Hi Arthur and Gregory,
Interesting what you say about how people are interested in effect, which fits well with your example of the animals in your Do animals have rhythm
post , but what would you say about freaks in the circus? The bearded lady, people with long fingernails, the giant, and so on. There is nothing having to do with effect there, it seems to me. Maybe one could say it has to do with possibilities - seeing possibilities of bodies, possibilities of what the body could become? Maybe, actually, you could say the effect which is interesting there is the effect on the crowd, the effect of the disfigured body on oneself, which is what people want to feel? Perhaps.
Or maybe, the effect they are interested in is simply being disgusted, like in horror films, feeling scared, horrified?

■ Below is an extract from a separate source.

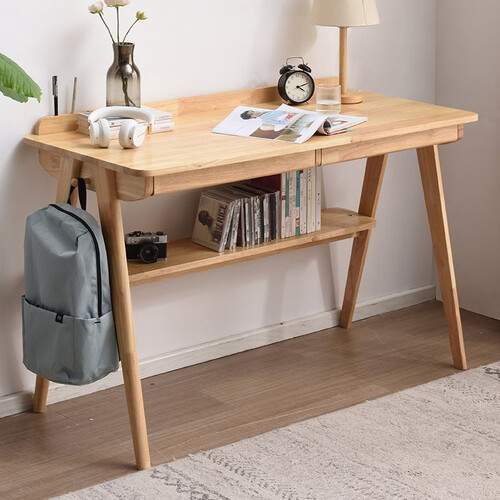 书桌两大抽屉设计,具有强大的储物功能,更方便分类收纳物品。升级的实木笔筒挡板,有效防止物品掉落,笔随用随取。

I must say about myself that though I find the figure of the monster very interesting philosophically, as I am too, as you describe, very interested in effects and hence the effect of the monster on people, I'll admit that myself, I am not at all interested in seeing monsters. Disfiguration, outside of Francis Bacon which I would more describe as a disfuguration of the world than of the person, has very little appeal to me. Why is that then?

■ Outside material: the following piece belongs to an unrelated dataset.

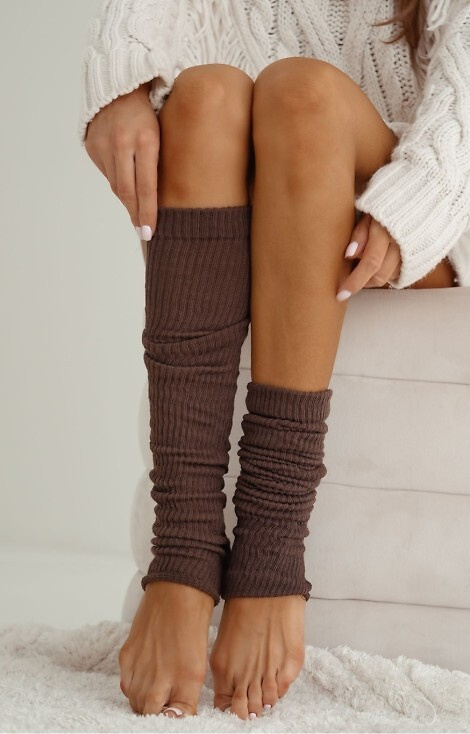 1528-001 Getry damskie Milena brązowe – bawełniane, prążkowane, wygodne

To summerize: what you describe answers part of the question, but not really the fascination with looking at extremely fat people, circus freaks, and accident injured people. I think feeling the possiblities of the body, and the (horrific) effect of the image on the person looking is also part of the answer (as is the wish to feel one's own body which is so hard for many people nowadays), but not all of it. I think there is much deeper psychology going on here. (or, if not deeper, at least another facet of people's psychology.)